Collect Survey Responses with Twilio Voice, Airtable and OpenAI

August 28, 2024
Written by
Eluda Laaroussi
Contributor
Opinions expressed by Twilio contributors are their own
Reviewed by

Collect Survey Responses with Twilio Programmable Voice, Airtable and OpenAI

In today's digital landscape, the convergence of communication and data management tools provides a powerful avenue for enhancing user interactions and data collection. This technical article is your gateway to a project centered around the creation of engaging phone surveys.
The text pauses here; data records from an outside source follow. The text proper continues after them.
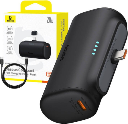 Baseus Compact Powerbank 5000mAh 20W USB-C Melns
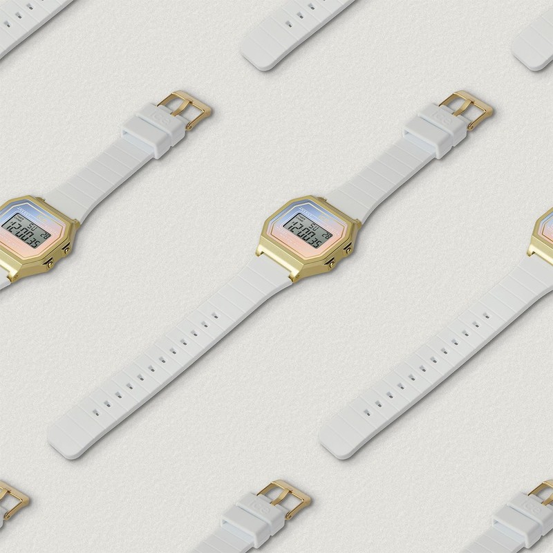 - Immerse yourself in a sea of colours with the ICE number Retro - White Majestic. This digital watch has a calendar function: day date, stopwatch, dual time, alarm and light
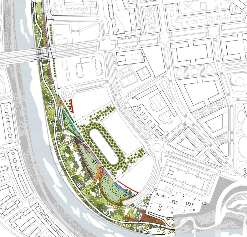 Por su parte, en la zona central, donde se ubicaba el estadio Vicente Calderón, se concibe una gran pradera alargada con remates circulares en forma de circo romano que evocará el carácter lúdico y de espectáculo del antiguo campo de fútbol. Alrededor se dispondrán la pista de atletismo anteriormente mencionada y árboles frondosos que aportarán una coloración cambiante a lo largo del año. El nuevo tramo de Madrid Río forma parte del ámbito Mahou-Calderón, que contará con más de 1.300 viviendas y nuevos equipamientos públicos para los vecinos de la zona.
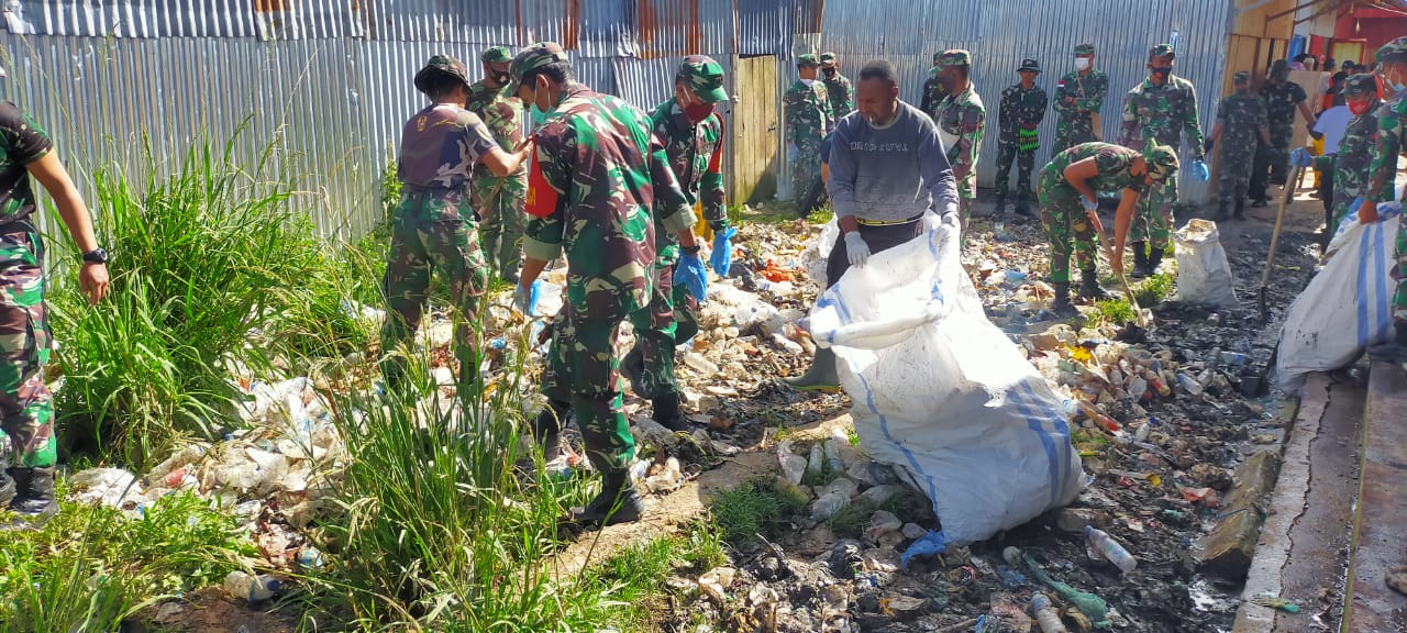 Kegiatan Karya Bakti Jumat Bersih membersihkan Pasar Enarotali berjalan lancar dan aman. (Hera)

We'll achieve this by combining the capabilities of Twilio Programmable Voice and the Airtable API.

Diagram showing a phone call process using Twilio API and PSTN with labeled steps and a parent leg cost.

This application handles incoming calls from users who dial in to participate in surveys. After receiving a call, the system prompts the user to choose a survey, retrieves relevant details from Airtable, and then guides them through a series of questions. The responses are recorded and automatically added as a new row in an Airtable document.

Prerequisites

Before delving into the tutorial, it's essential to ensure that certain prerequisites are in place:

Refer to the GitHub Repository for the final code.

Setting up the server

To initiate your project, follow these commands in your terminal:

mkdir twilio-voice-airtable
cd twilio-voice-airtable
npm init -y
npm install express

This sequence of commands creates a new directory for the project, initializes a Node.js project, and installs the necessary dependencies for a basic Express server. Following this, a new file, index.js, is created with the boilerplate code for a basic server:

const express = require("express");
const app = express();
const port = process.env.PORT || 3000;
// Start the server
app.listen(port, () => {
  console.log(`Server is running on port ${port}`);
});
Result of running npm run dev

Start your server with the command node ./index.js or use nodemon for automatic restarts.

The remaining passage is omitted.